The task> The material below holds pictures; leave them out and reproduce exactly the lines from the one with "Wolle und Kerzen" through the one with "Frauen Copatucano Print", inclusive.

Recorded data>
--- --- ---

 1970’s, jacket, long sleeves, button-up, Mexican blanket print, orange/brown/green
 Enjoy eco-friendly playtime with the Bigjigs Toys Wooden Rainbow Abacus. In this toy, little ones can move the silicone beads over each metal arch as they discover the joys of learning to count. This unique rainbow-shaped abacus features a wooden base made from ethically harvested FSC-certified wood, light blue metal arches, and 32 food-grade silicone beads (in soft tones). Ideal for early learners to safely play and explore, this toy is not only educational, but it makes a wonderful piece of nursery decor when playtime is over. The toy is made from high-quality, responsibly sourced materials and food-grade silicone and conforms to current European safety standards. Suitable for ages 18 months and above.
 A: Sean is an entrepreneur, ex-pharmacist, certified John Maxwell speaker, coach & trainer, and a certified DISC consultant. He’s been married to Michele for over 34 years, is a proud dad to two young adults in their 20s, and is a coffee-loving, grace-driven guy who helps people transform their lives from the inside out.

--- --- ---

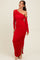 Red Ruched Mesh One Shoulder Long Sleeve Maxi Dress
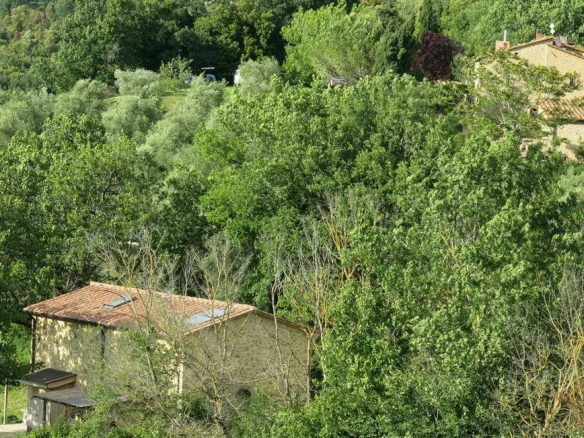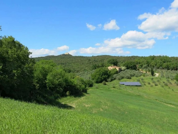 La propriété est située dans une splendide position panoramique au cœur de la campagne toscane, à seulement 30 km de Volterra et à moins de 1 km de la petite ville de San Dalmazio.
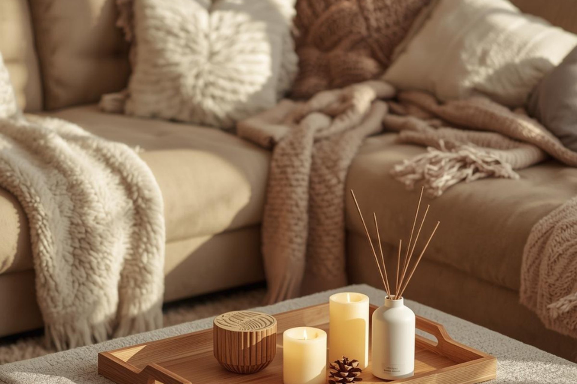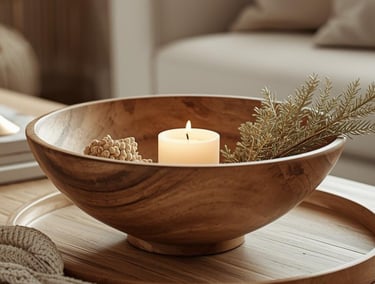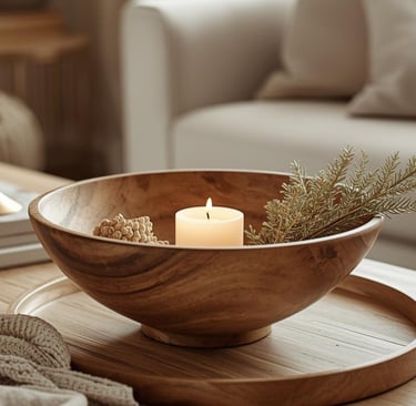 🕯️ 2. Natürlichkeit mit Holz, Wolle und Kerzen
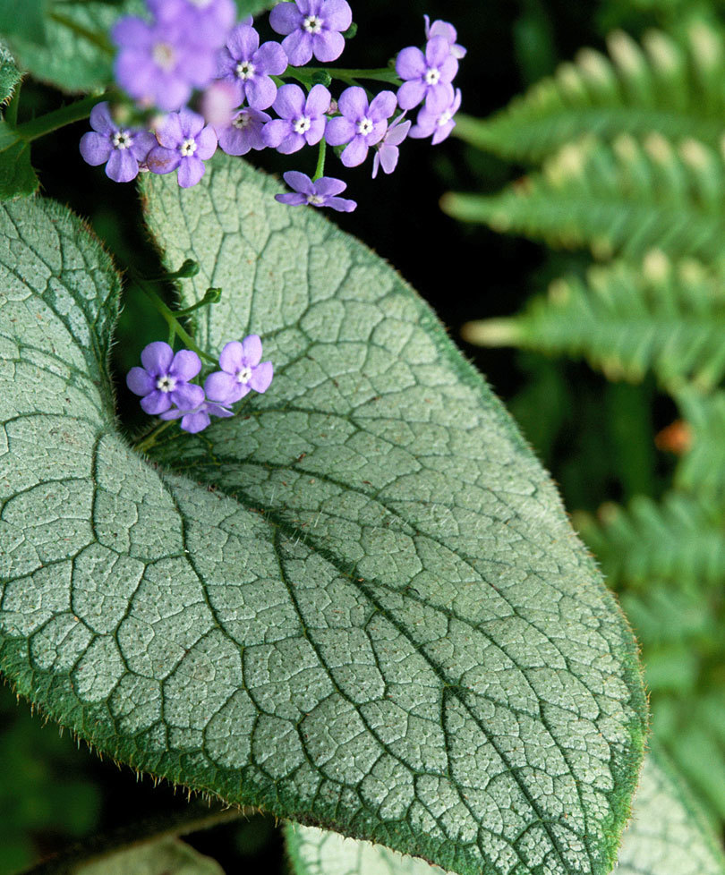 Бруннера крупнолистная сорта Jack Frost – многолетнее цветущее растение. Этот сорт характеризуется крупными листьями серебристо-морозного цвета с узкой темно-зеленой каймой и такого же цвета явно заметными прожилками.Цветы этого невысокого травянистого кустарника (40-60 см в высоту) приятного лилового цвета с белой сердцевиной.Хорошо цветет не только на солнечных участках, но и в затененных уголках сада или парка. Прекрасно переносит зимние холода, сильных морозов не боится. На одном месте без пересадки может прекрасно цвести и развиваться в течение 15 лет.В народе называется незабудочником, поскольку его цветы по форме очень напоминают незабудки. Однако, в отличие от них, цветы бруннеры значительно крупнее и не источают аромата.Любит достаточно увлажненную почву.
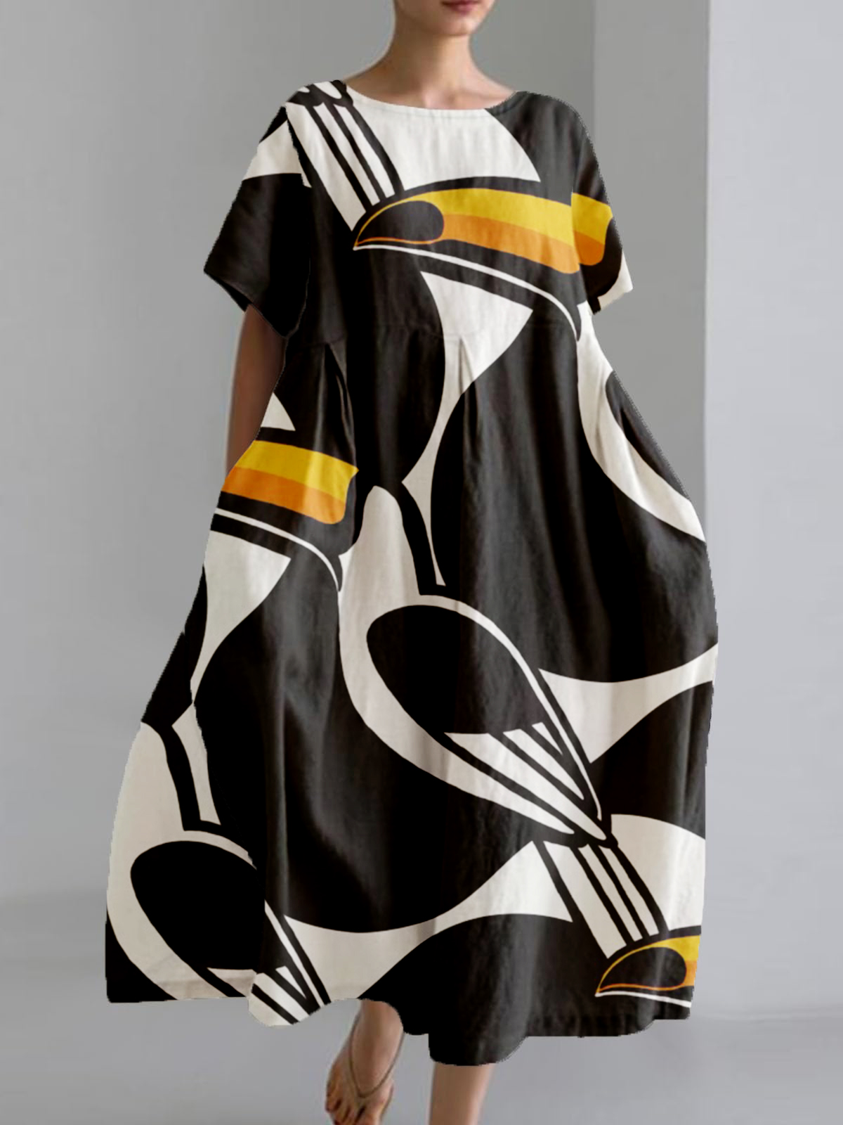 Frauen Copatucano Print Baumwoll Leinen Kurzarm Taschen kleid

--- --- ---

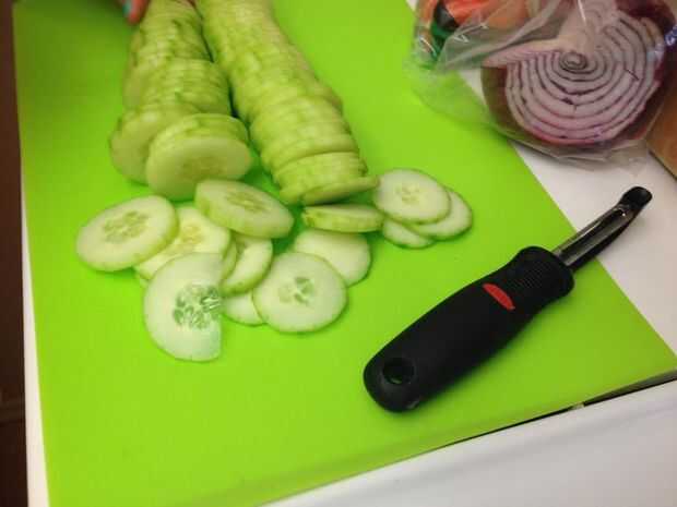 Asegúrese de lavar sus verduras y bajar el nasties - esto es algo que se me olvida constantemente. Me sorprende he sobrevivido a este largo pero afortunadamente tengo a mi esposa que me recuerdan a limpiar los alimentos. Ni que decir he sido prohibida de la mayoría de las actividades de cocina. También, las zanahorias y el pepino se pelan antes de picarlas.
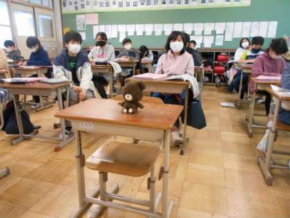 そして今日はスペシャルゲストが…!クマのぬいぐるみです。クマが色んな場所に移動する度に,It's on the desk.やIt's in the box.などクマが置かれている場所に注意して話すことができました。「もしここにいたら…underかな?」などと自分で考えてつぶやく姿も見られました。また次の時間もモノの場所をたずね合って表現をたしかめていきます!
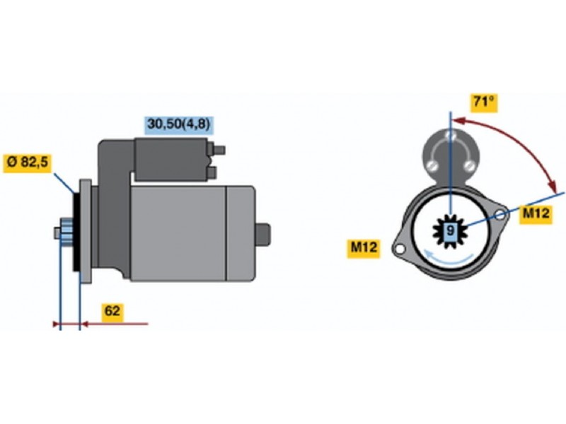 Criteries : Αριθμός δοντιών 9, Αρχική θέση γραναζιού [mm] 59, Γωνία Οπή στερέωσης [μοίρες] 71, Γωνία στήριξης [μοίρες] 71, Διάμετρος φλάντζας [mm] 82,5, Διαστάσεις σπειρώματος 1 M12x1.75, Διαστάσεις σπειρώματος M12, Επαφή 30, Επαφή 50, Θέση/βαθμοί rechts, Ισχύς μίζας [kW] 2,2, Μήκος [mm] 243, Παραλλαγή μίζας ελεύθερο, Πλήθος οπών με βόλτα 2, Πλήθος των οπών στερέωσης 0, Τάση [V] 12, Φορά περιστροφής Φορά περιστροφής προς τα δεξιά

--- --- ---

Answer to the problem>
 🕯️ 2. Natürlichkeit mit Holz, Wolle und Kerzen
 Бруннера крупнолистная сорта Jack Frost – многолетнее цветущее растение. Этот сорт характеризуется крупными листьями серебристо-морозного цвета с узкой темно-зеленой каймой и такого же цвета явно заметными прожилками.Цветы этого невысокого травянистого кустарника (40-60 см в высоту) приятного лилового цвета с белой сердцевиной.Хорошо цветет не только на солнечных участках, но и в затененных уголках сада или парка. Прекрасно переносит зимние холода, сильных морозов не боится. На одном месте без пересадки может прекрасно цвести и развиваться в течение 15 лет.В народе называется незабудочником, поскольку его цветы по форме очень напоминают незабудки. Однако, в отличие от них, цветы бруннеры значительно крупнее и не источают аромата.Любит достаточно увлажненную почву.
 Frauen Copatucano Print Baumwoll Leinen Kurzarm Taschen kleid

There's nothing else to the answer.